[Dataset content]
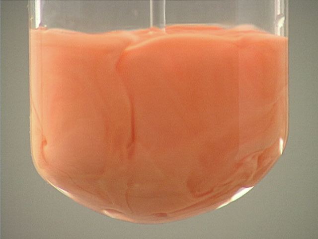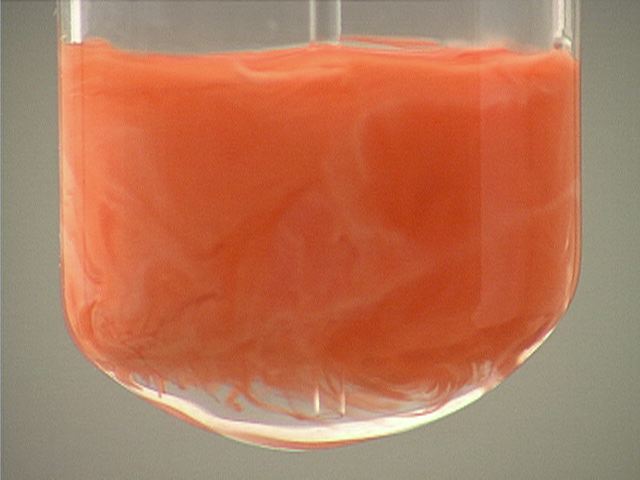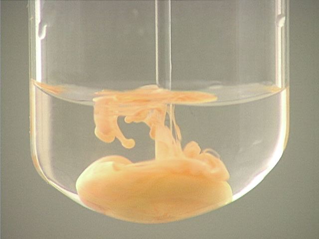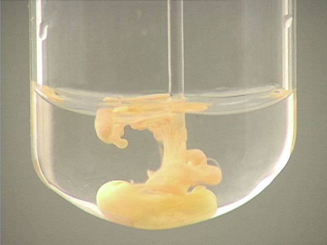 Here, sodium iodide (NaI) is added to mercury(I) nitrate (Hg2(NO3)2). The result is an orange precipitate.
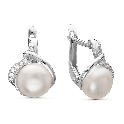 Серьги из белого золота с белыми речными жемчужинами 7-7,5 мм, (7582)
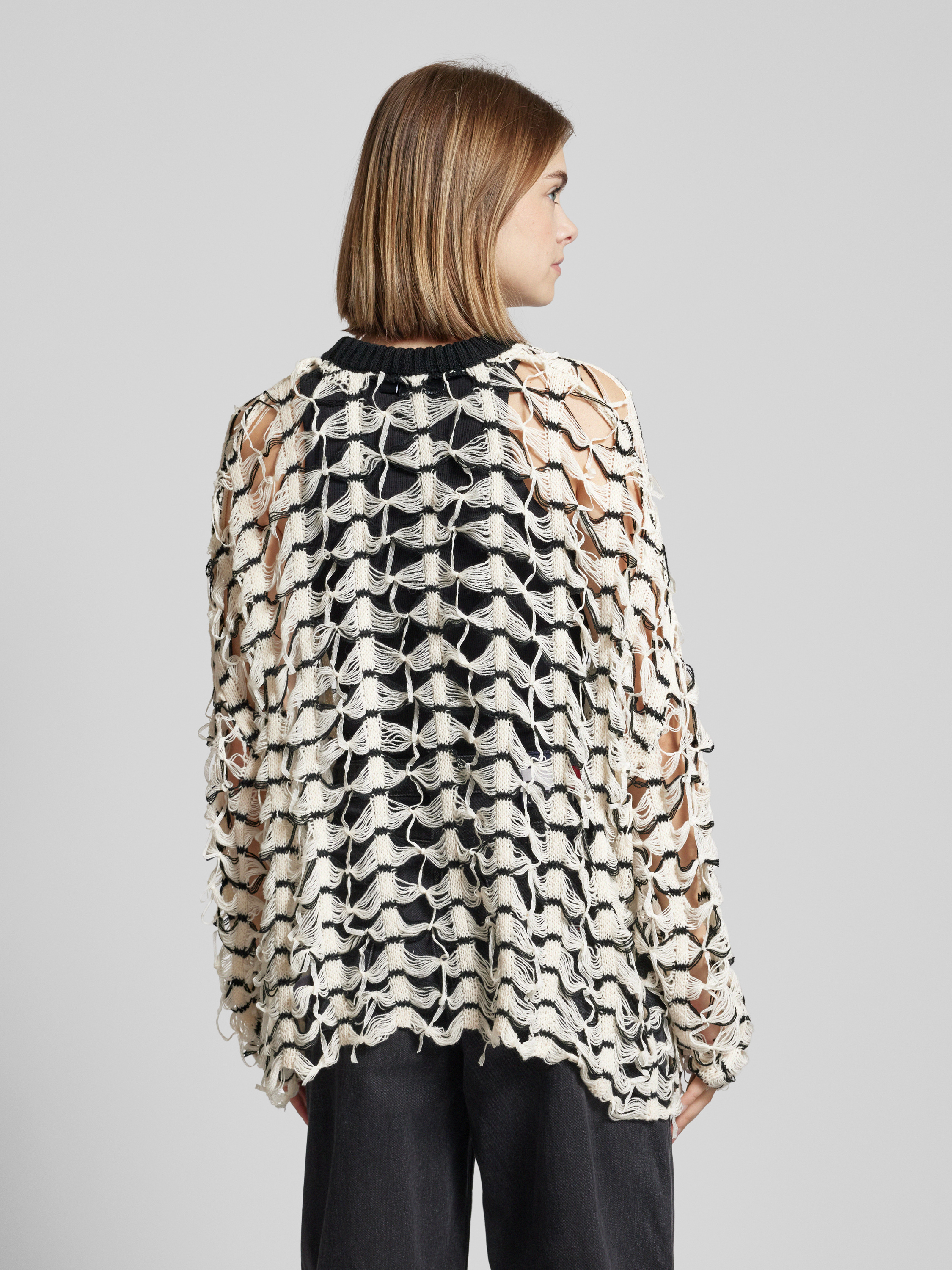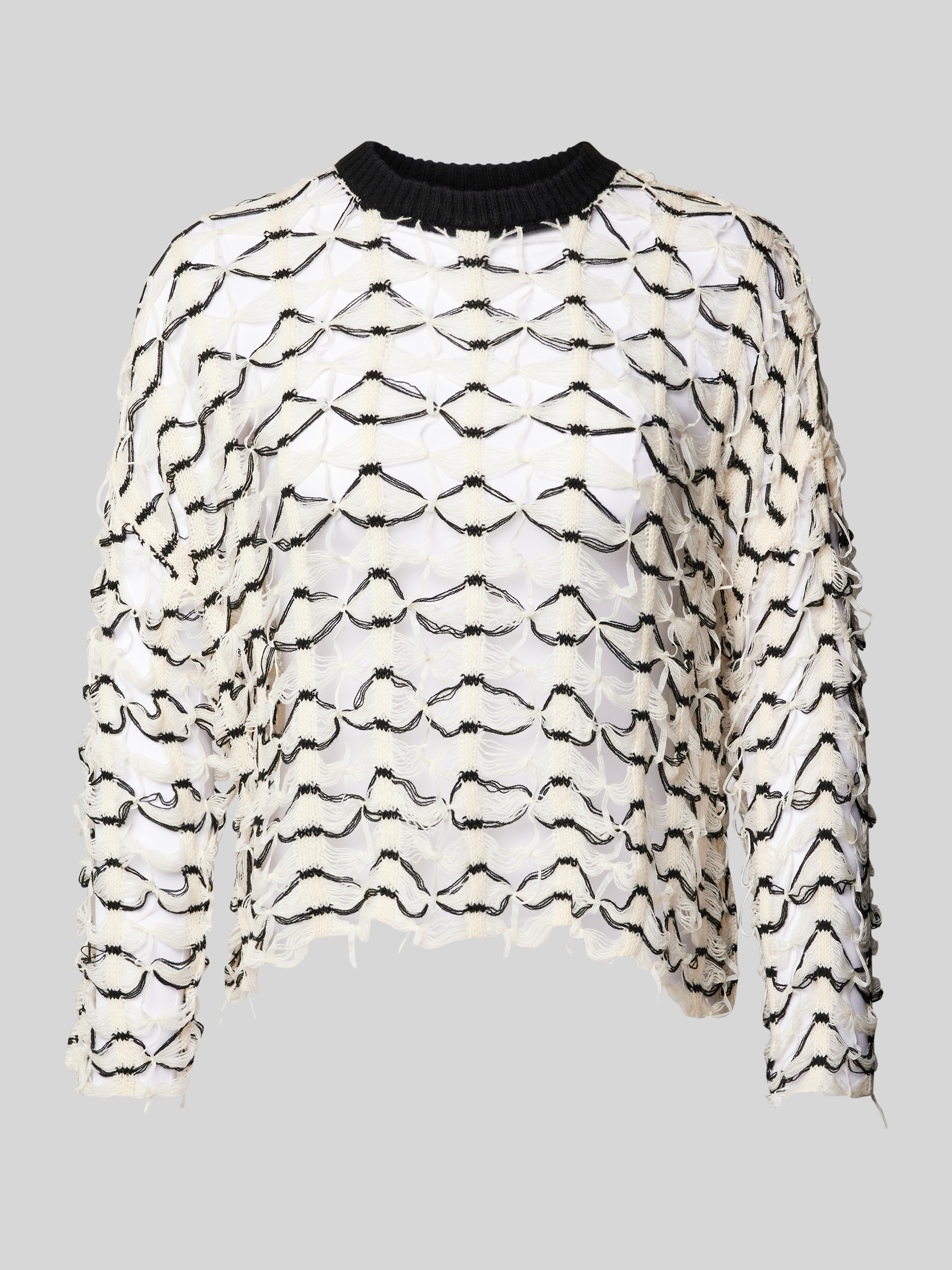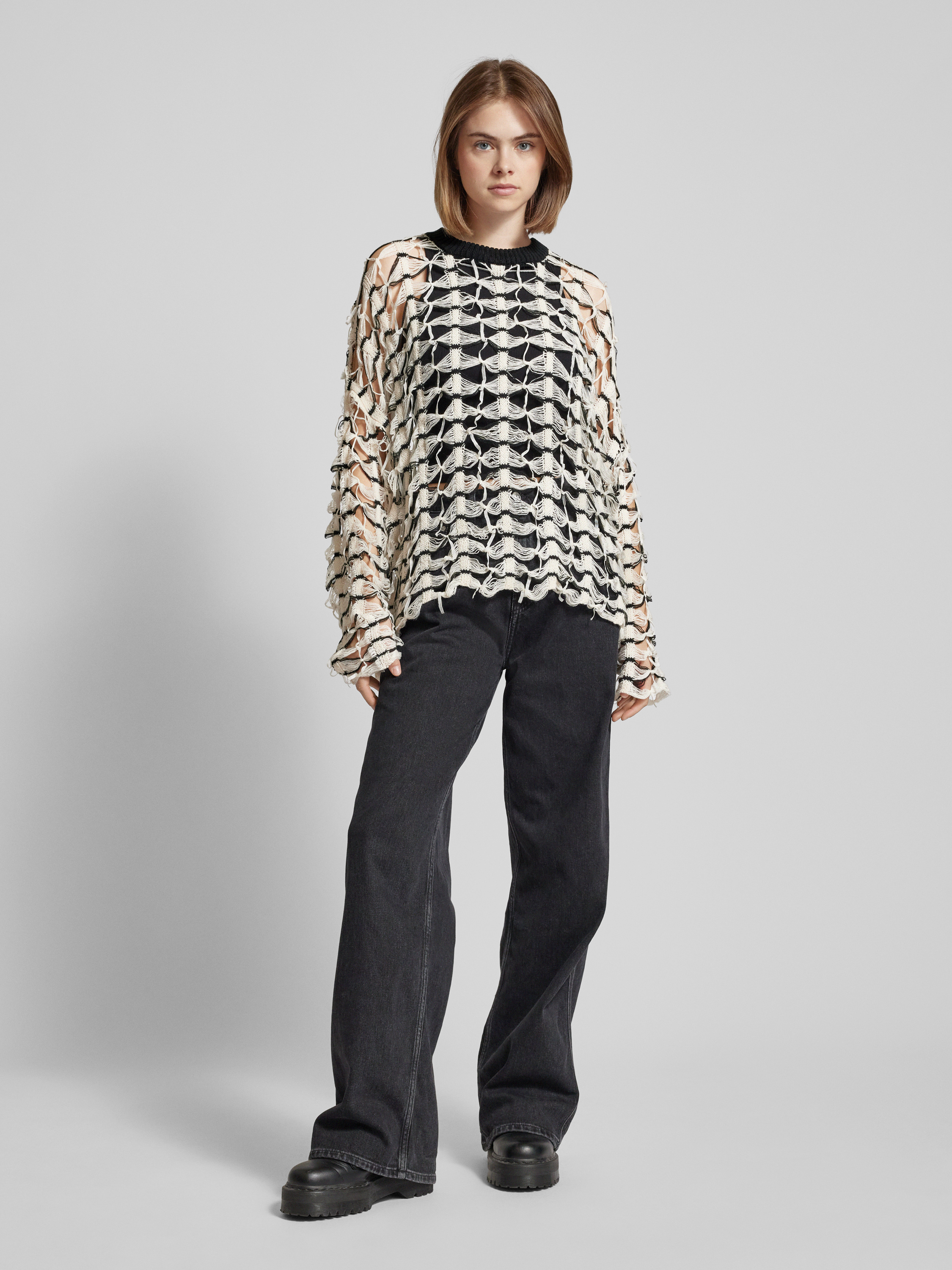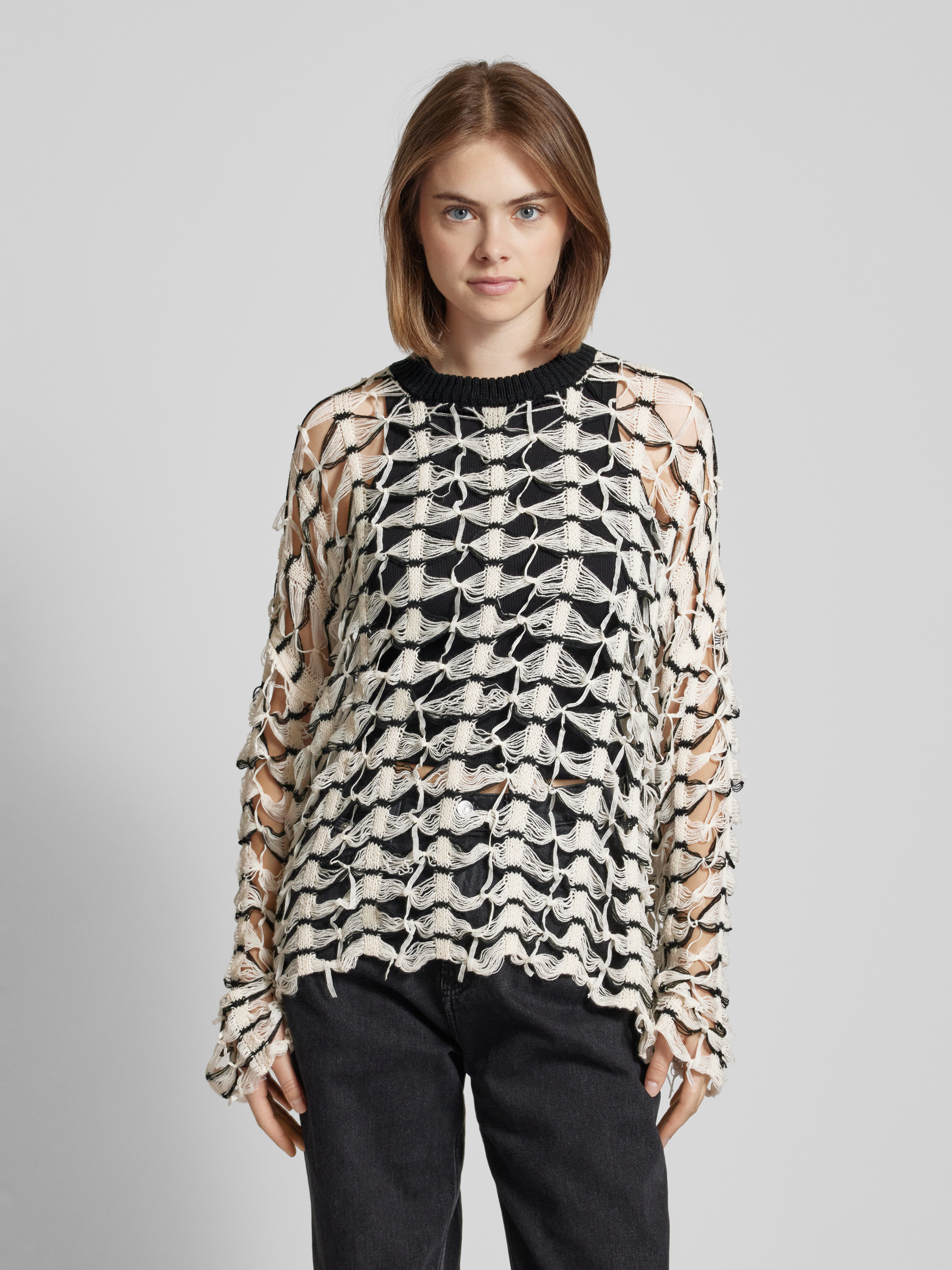 Sweter z dzianiny z prążkowanym, okrągłym dekoltem - czarny

[What you need to do]
Without the pictures, retype all of the data above exactly.

[Response]
 Here, sodium iodide (NaI) is added to mercury(I) nitrate (Hg2(NO3)2). The result is an orange precipitate.
 Серьги из белого золота с белыми речными жемчужинами 7-7,5 мм, (7582)
 Sweter z dzianiny z prążkowanym, okrągłym dekoltem - czarny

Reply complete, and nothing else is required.